Work to be completed:
Set down, exactly as written, the lines from the line holding "Стильный и женственный" to the end of the data, inclusive, skipping any pictures.

Supplied data:
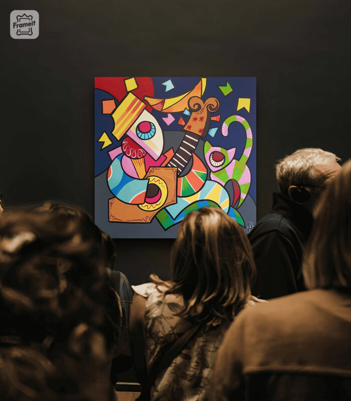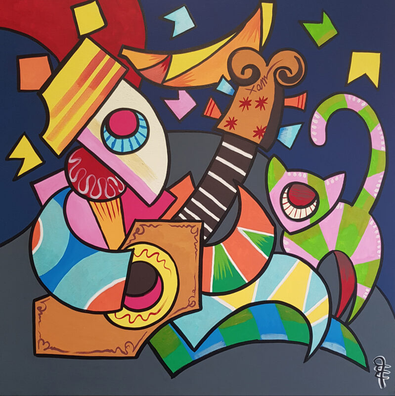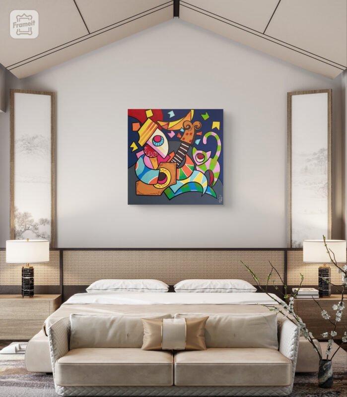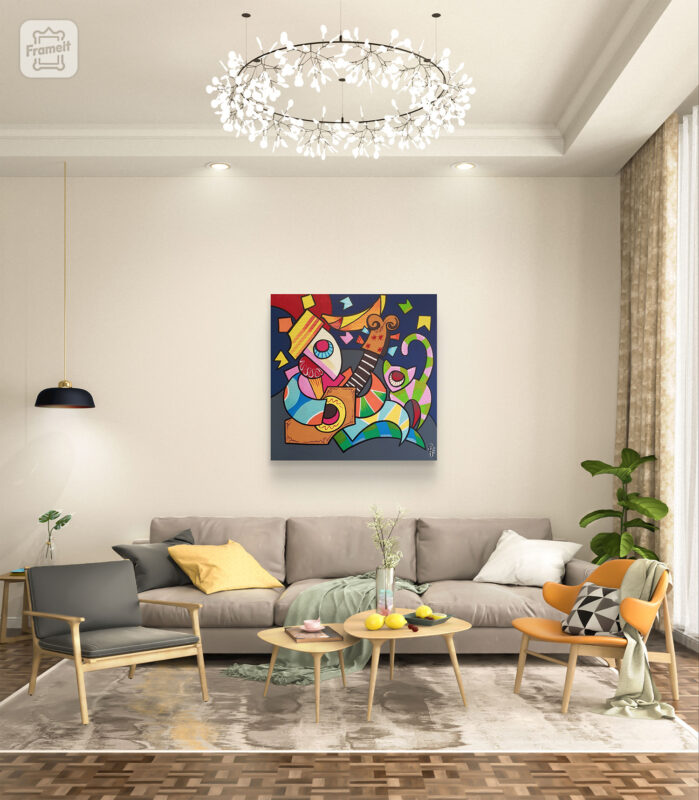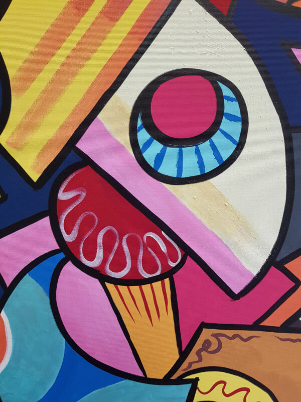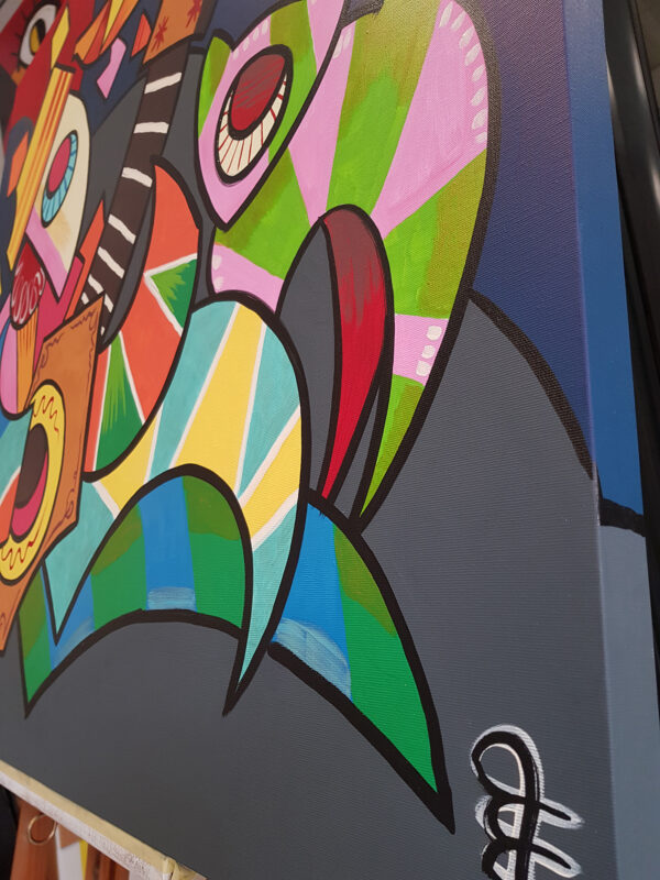 Non necessita di cornice in quanto la tela è spessa 4 cm. Colorata e scherzosa, questa opera porterà leggerezza ed allegria nella stanza che la ospiterà.
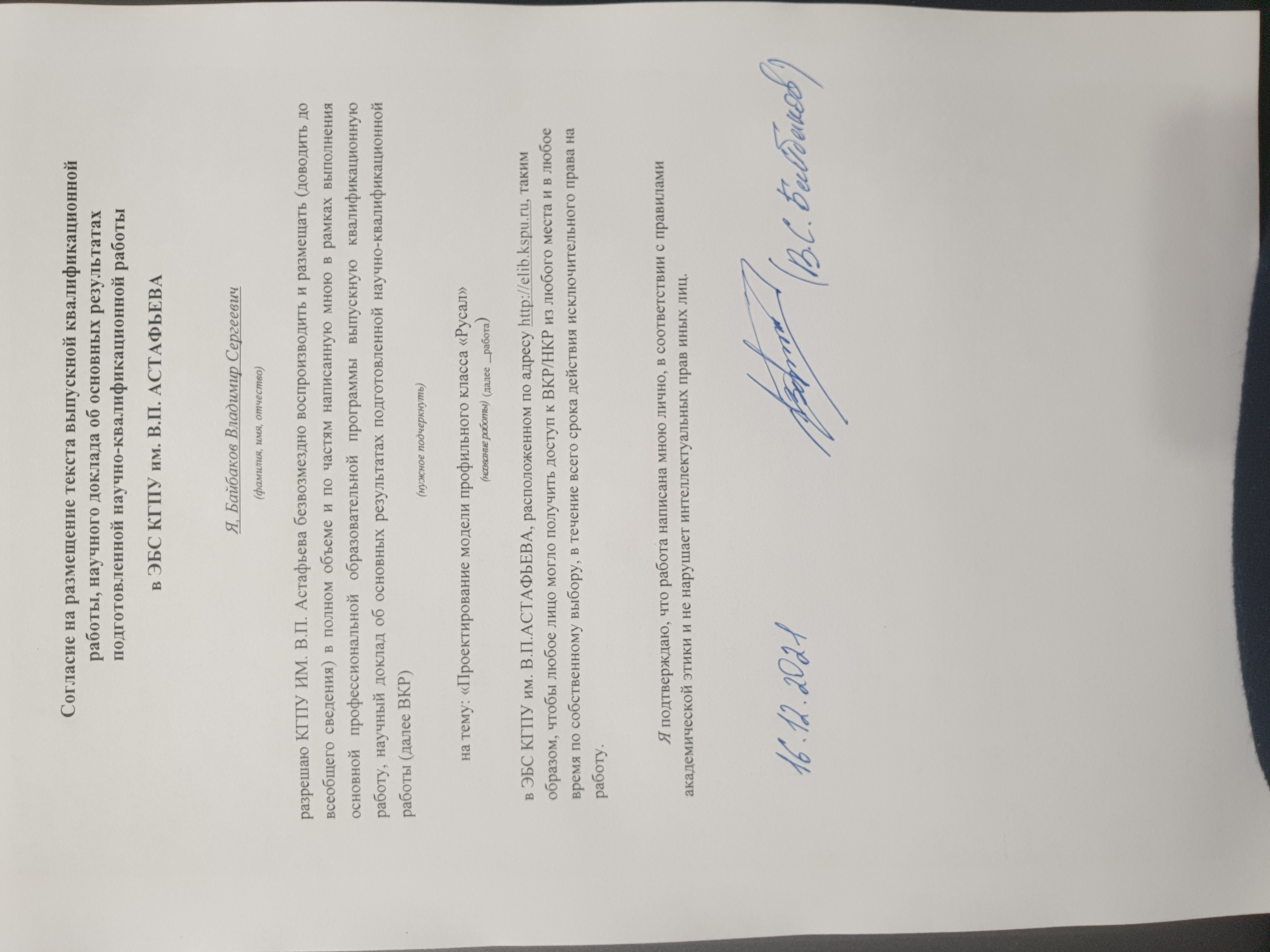 В.С. Байбаков _ проектирование модели профильного класса РУСАЛ
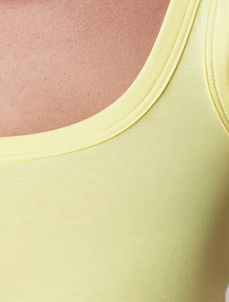 Стильный и женственный топ лимонного цвета из премиального хлопка станет отличным дополнением вашего гардероба. Актуальный дизайн и однотонное исполнение позволяют легко комбинировать его как с деловым костюмом, так и с повседневными вещами. Облегающий силуэт идеально подчеркивает фигуру, не сковывая движений, обеспечивая комфорт на весь день. Дышащая ткань с добавлением эластана приятно прилегает к телу и прекрасно тянется, что делает изделие подходящим для девушек и женщин всех возрастов.
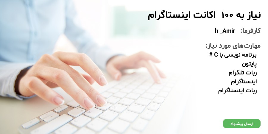 نیاز به ۱۰۰ اکانت اینستاگرام حداقل ۳ روز از ساخت اکانت ها گذشته باشه به همراه ۵ فالوینگ از افراد مشهور و ۱ پست

Task output:
 Стильный и женственный топ лимонного цвета из премиального хлопка станет отличным дополнением вашего гардероба. Актуальный дизайн и однотонное исполнение позволяют легко комбинировать его как с деловым костюмом, так и с повседневными вещами. Облегающий силуэт идеально подчеркивает фигуру, не сковывая движений, обеспечивая комфорт на весь день. Дышащая ткань с добавлением эластана приятно прилегает к телу и прекрасно тянется, что делает изделие подходящим для девушек и женщин всех возрастов.
 نیاز به ۱۰۰ اکانت اینستاگرام حداقل ۳ روز از ساخت اکانت ها گذشته باشه به همراه ۵ فالوینگ از افراد مشهور و ۱ پست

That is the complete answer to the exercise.